== Problem to solve ==
Every line of the data below should be repeated exactly, and no picture should be copied.

(Collection entries)
━━━━━━━━━━━━━━━━
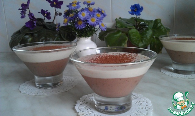 В креманки выложить шоколадное желе и убрать в холод на 15 минут.
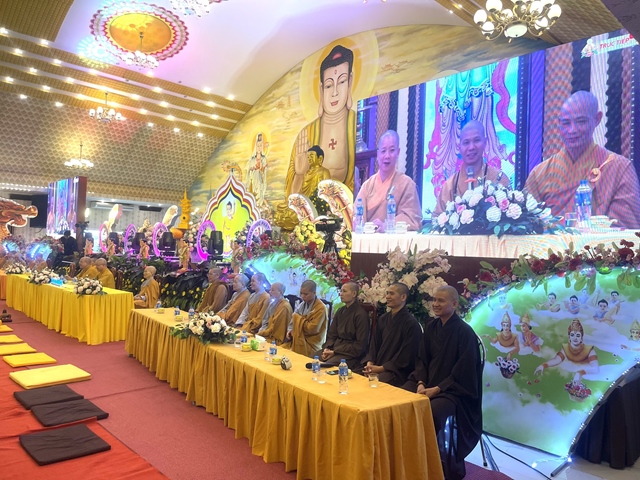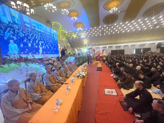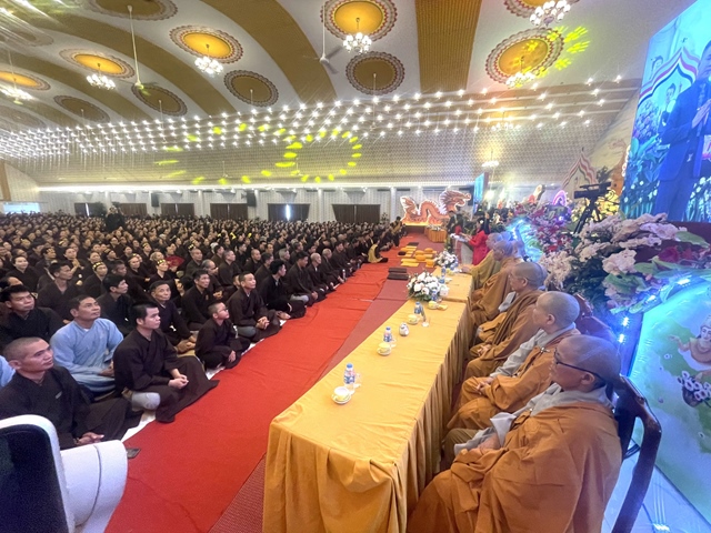 Sau nghi thức niệm Phật cầu gia bị, chào Quốc kỳ, Đạo kỳ, toàn thể đại chúng đón nghe bức thông điệp Đại lễ Phật đản PL. 2568 của Đức Pháp Chủ GHPGVN, Đại lão Hòa thượng Thích Trí Quảng gửi chư tôn đức Tăng Ni, đồng bào Phật tử ở trong nước và ở nước ngoài. Toàn thể đại chúng đã khởi thân đứng dậy, chắp tay trang nghiêm, thành kính, lắng đọng tâm tư đón nghe bức thông điệp Phật đản đầy ý nghĩa với tinh thần Từ Bi của đạo Phật, với mong muốn thế giới không còn chiến tranh, thù hận. Bên cạnh đó, Đại lão Hòa thượng Pháp Chủ GHPGVN cũng kêu gọi chư tôn đức Tăng Ni, Phật tử “ tinh tấn tu tập, thể nhập Từ bi tam muội, lan tỏa tình yêu thương đến chúng sanh vạn loại, thắp sáng thế gian này bằng ánh sáng từ bi và trí tuệ. Với tất cả ý nghĩa thiêng liêng của ngày kỷ niệm Đức Phật đản sanh, tôi mong muốn tất cả người con Phật trên khắp thế giới đoàn kết, cùng cả nhân loại chung sống vị tha, kiến tạo thế giới hòa bình, an lạc… Mùa Phật đản, mùa của yêu thương và hiểu biết, tôi kêu gọi tất cả những người con Phật hãy tinh tấn thực hành những lời dạy vàng ngọc của đức Phật; tịnh hóa tâm thức; chuyển hóa tam độc tham, sân, si thành tam vô lậu học giới, định, tuệ; kiến tạo chánh báo trang nghiêm thanh tịnh để hình thành y báo hòa bình, an lạc như kinh Duy Ma Cật đã dạy: “Tâm bình thế giới bình”.
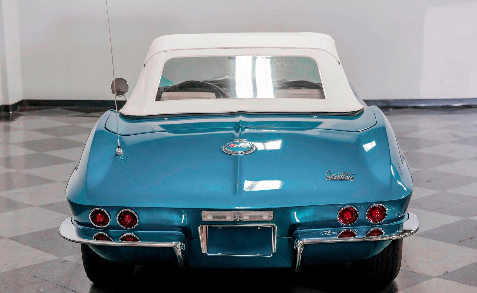 Exterior: Marina Blue exterior with black stinger hood, white convertible top, 15″ Rally wheels with beauty rings and caps, and 215/70R15 BFG Redline tires completing the classic performance look.
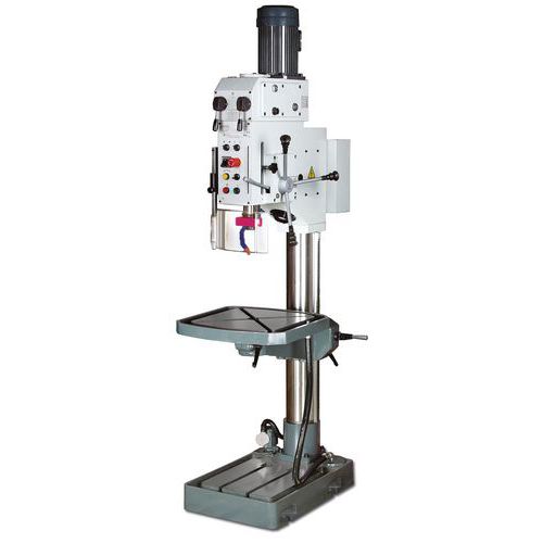 - Profesionálne stĺpové vŕtačky s prevodovým súkolesím, strojovým posuvom, závitovacím cyklom a chladením
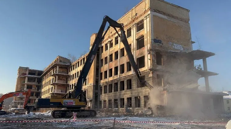 В Екатеринбурге сносят легендарную заброшенную больницу в Зеленой роще. Фото, видео
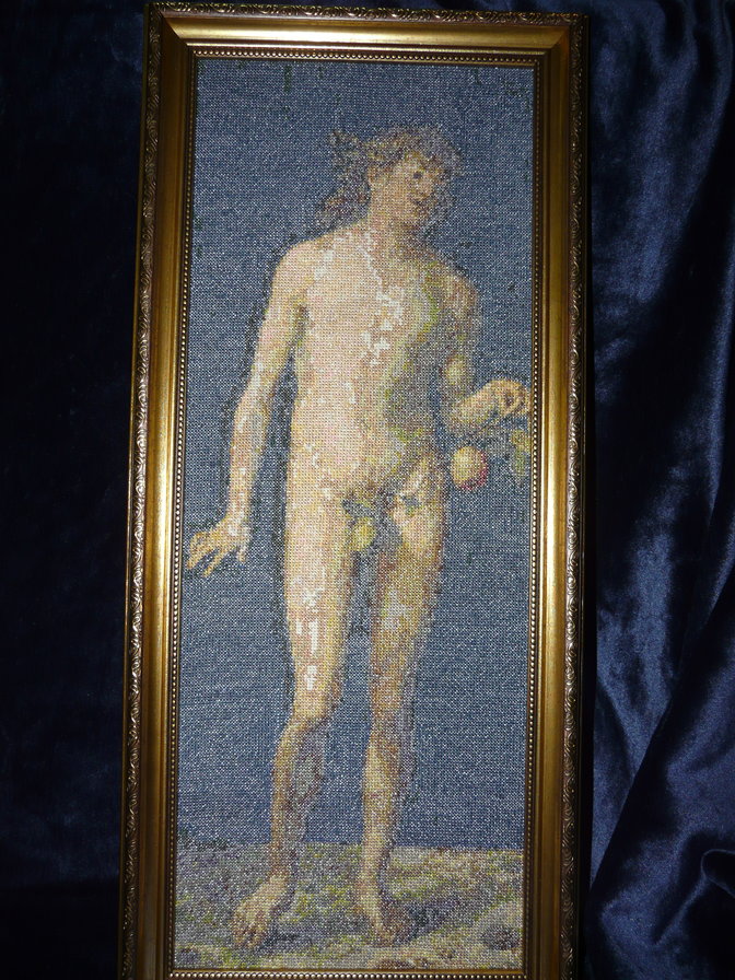 создается впечатление человека пораженного псориазом. Извините, затрачено много времени на вышивку и материальных ресурсов, но .... мне результат не нравится
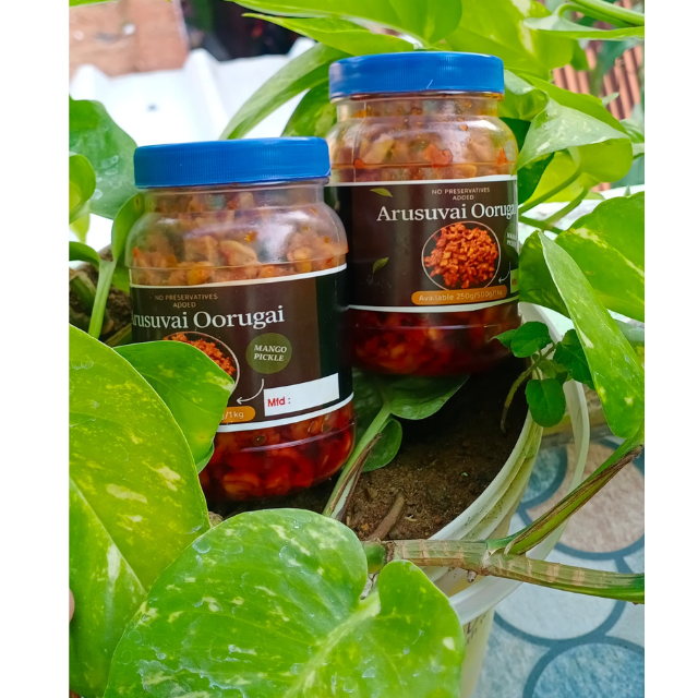 Arusuvai Oorugai is an authentic South Indian pickles (oorugai/achar) made with traditional recipes, natural ingredients, and bold flavors. We offer a wide range of homemade, spicy, tangy, and aromatic pickles—from classic mango, lemon, and garlic to regional specialties like narthangai (citron) and nellikai (gooseberry).
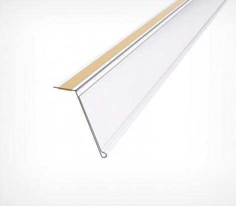 Универсальный ценникодержатель с самоклеящейся лентой. Крепится на верхней части стеллажа, полки. Угол наклона к торцу полки – 15°. Высота - 39 мм.
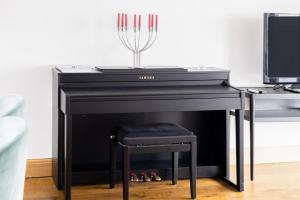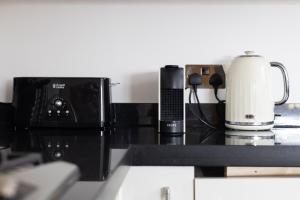 The fully equipped kitchen boasts modern appliances such as an oven, stovetop, refrigerator, dishwasher, microwave, coffee machine and toaster alongside ample kitchenware for dining convenience. Additional amenities include heating facilities, iron with ironing board clothes drying rack wardrobe closet washing machine private entrance smoke detector carbon monoxide detector lift access to upper floors flat-screen TV offering streaming services bedside sockets free WiFi throughout all areas.
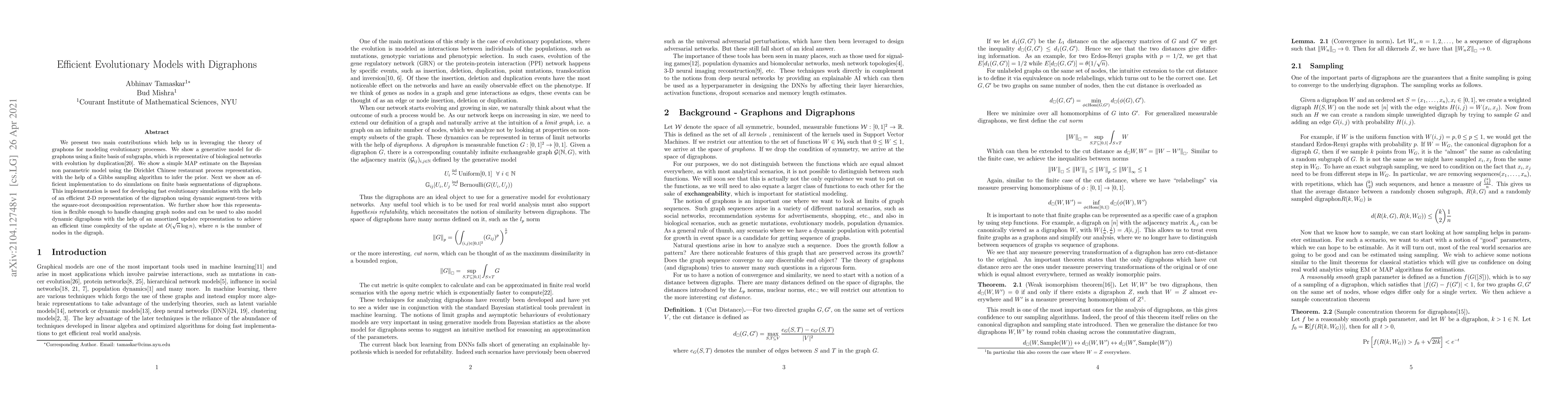 We present two main contributions which help us in leveraging the theory of graphons for modeling evolutionary processes. We show a generative model for digraphons using a finite basis of subgraphs, which is representative of biological networks with evolution by duplication. We show a simple MAP estimate on the Bayesian non parametric model using the Dirichlet Chinese restaurant process representation, with the help of a Gibbs sampling algorithm to infer the prior. Next we show an efficient implementation to do simulations on finite basis segmentations of digraphons. This implementation is used for developing fast evolutionary simulations with the help of an efficient 2-D representation of the digraphon using dynamic segment-trees with the square-root decomposition representation. We further show how this representation is flexible enough to handle changing graph nodes and can be used to also model dynamic digraphons with the help of an amortized update representation to achieve an efficient time complexity of the update at $O(\sqrt{|V|}\log{|V|})$.
━━━━━━━━━━━━━━━━
== Output below ==
 В креманки выложить шоколадное желе и убрать в холод на 15 минут.
 Sau nghi thức niệm Phật cầu gia bị, chào Quốc kỳ, Đạo kỳ, toàn thể đại chúng đón nghe bức thông điệp Đại lễ Phật đản PL. 2568 của Đức Pháp Chủ GHPGVN, Đại lão Hòa thượng Thích Trí Quảng gửi chư tôn đức Tăng Ni, đồng bào Phật tử ở trong nước và ở nước ngoài. Toàn thể đại chúng đã khởi thân đứng dậy, chắp tay trang nghiêm, thành kính, lắng đọng tâm tư đón nghe bức thông điệp Phật đản đầy ý nghĩa với tinh thần Từ Bi của đạo Phật, với mong muốn thế giới không còn chiến tranh, thù hận. Bên cạnh đó, Đại lão Hòa thượng Pháp Chủ GHPGVN cũng kêu gọi chư tôn đức Tăng Ni, Phật tử “ tinh tấn tu tập, thể nhập Từ bi tam muội, lan tỏa tình yêu thương đến chúng sanh vạn loại, thắp sáng thế gian này bằng ánh sáng từ bi và trí tuệ. Với tất cả ý nghĩa thiêng liêng của ngày kỷ niệm Đức Phật đản sanh, tôi mong muốn tất cả người con Phật trên khắp thế giới đoàn kết, cùng cả nhân loại chung sống vị tha, kiến tạo thế giới hòa bình, an lạc… Mùa Phật đản, mùa của yêu thương và hiểu biết, tôi kêu gọi tất cả những người con Phật hãy tinh tấn thực hành những lời dạy vàng ngọc của đức Phật; tịnh hóa tâm thức; chuyển hóa tam độc tham, sân, si thành tam vô lậu học giới, định, tuệ; kiến tạo chánh báo trang nghiêm thanh tịnh để hình thành y báo hòa bình, an lạc như kinh Duy Ma Cật đã dạy: “Tâm bình thế giới bình”.
 Exterior: Marina Blue exterior with black stinger hood, white convertible top, 15″ Rally wheels with beauty rings and caps, and 215/70R15 BFG Redline tires completing the classic performance look.
 - Profesionálne stĺpové vŕtačky s prevodovým súkolesím, strojovým posuvom, závitovacím cyklom a chladením
 В Екатеринбурге сносят легендарную заброшенную больницу в Зеленой роще. Фото, видео
 создается впечатление человека пораженного псориазом. Извините, затрачено много времени на вышивку и материальных ресурсов, но .... мне результат не нравится
 Arusuvai Oorugai is an authentic South Indian pickles (oorugai/achar) made with traditional recipes, natural ingredients, and bold flavors. We offer a wide range of homemade, spicy, tangy, and aromatic pickles—from classic mango, lemon, and garlic to regional specialties like narthangai (citron) and nellikai (gooseberry).
 Универсальный ценникодержатель с самоклеящейся лентой. Крепится на верхней части стеллажа, полки. Угол наклона к торцу полки – 15°. Высота - 39 мм.
 The fully equipped kitchen boasts modern appliances such as an oven, stovetop, refrigerator, dishwasher, microwave, coffee machine and toaster alongside ample kitchenware for dining convenience. Additional amenities include heating facilities, iron with ironing board clothes drying rack wardrobe closet washing machine private entrance smoke detector carbon monoxide detector lift access to upper floors flat-screen TV offering streaming services bedside sockets free WiFi throughout all areas.
 We present two main contributions which help us in leveraging the theory of graphons for modeling evolutionary processes. We show a generative model for digraphons using a finite basis of subgraphs, which is representative of biological networks with evolution by duplication. We show a simple MAP estimate on the Bayesian non parametric model using the Dirichlet Chinese restaurant process representation, with the help of a Gibbs sampling algorithm to infer the prior. Next we show an efficient implementation to do simulations on finite basis segmentations of digraphons. This implementation is used for developing fast evolutionary simulations with the help of an efficient 2-D representation of the digraphon using dynamic segment-trees with the square-root decomposition representation. We further show how this representation is flexible enough to handle changing graph nodes and can be used to also model dynamic digraphons with the help of an amortized update representation to achieve an efficient time complexity of the update at $O(\sqrt{|V|}\log{|V|})$.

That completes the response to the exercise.